00:04:01.760 --> 00:04:06.800
This is the probability that 𝐴 occurs or 𝐵 occurs or they both occur.
00:04:07.840 --> 00:04:22.040
One way of calculating this is using the addition rule of probability, which states that the probability of 𝐴 union 𝐵 is equal to the probability of 𝐴 plus the probability of 𝐵 minus the probability of 𝐴 intersection 𝐵.
00:04:23.000 --> 00:04:30.000
In this question, we have already calculated the probability of 𝐴, the probability of 𝐵, and the probability of 𝐴 intersection 𝐵.

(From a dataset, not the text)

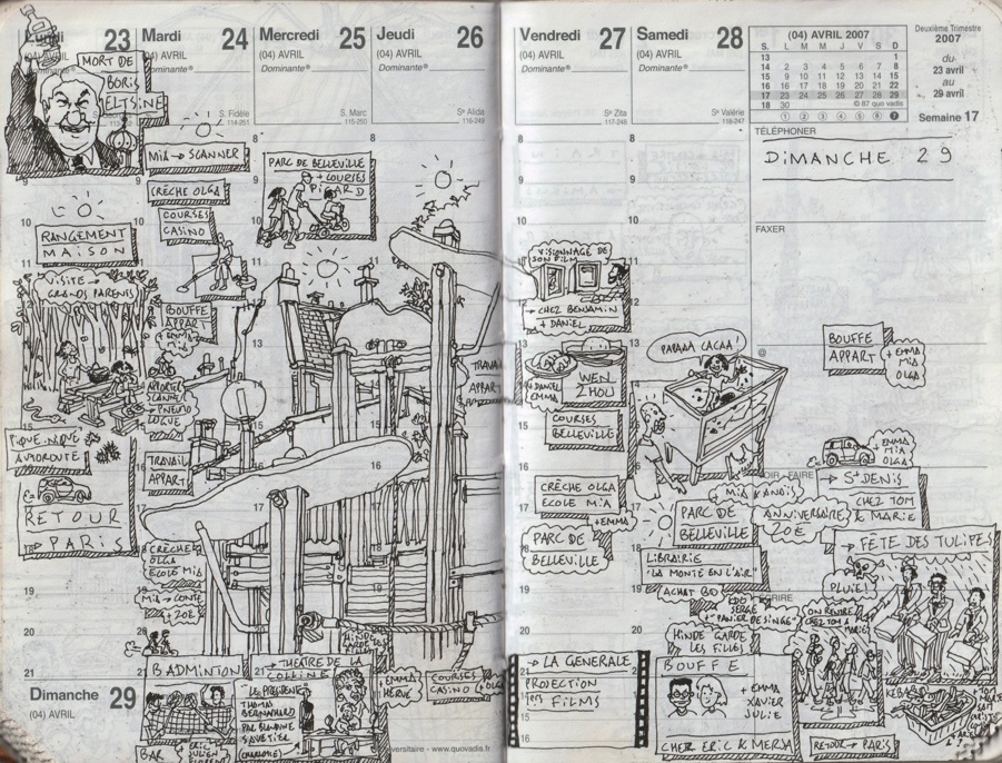Lundi 23 avril, mort de Boris Eltsine. Je le dessine avec une bouteille de vodka. À bien y réfléchir, il est à l’origine de l’état actuel de la Russie, avec des privatisations sauvages au profit d’une bande d’oligarques, la corruption généralisée, la première guerre de Tchétchénie et l’arrivée au pouvoir de Poutine. On connaît meilleur bilan.

00:04:30.960 --> 00:04:41.480
The probability of 𝐴 union 𝐵 is therefore equal to three sixteenths plus four sixteenths minus one sixteenth.
00:04:42.520 --> 00:04:45.280
This is equal to six sixteenths.
00:04:46.360 --> 00:04:51.080
We can check this by looking at the list of possible outcomes.
00:04:52.520 --> 00:05:01.840
Six of the 16 outcomes were in either event 𝐴 or event 𝐵 or both.
00:05:02.960 --> 00:05:12.720
As both six and 16 are divisible by two, we can simplify this fraction to three-eighths.
00:05:13.880 --> 00:05:20.120
The value of the probability of 𝐴 union 𝐵 is three-eighths.
00:05:20.840 --> 00:05:34.560
And the four answers to the question are three sixteenths, one-quarter, one sixteenth, and three-eighths, where all four fractions are written in their simplest form.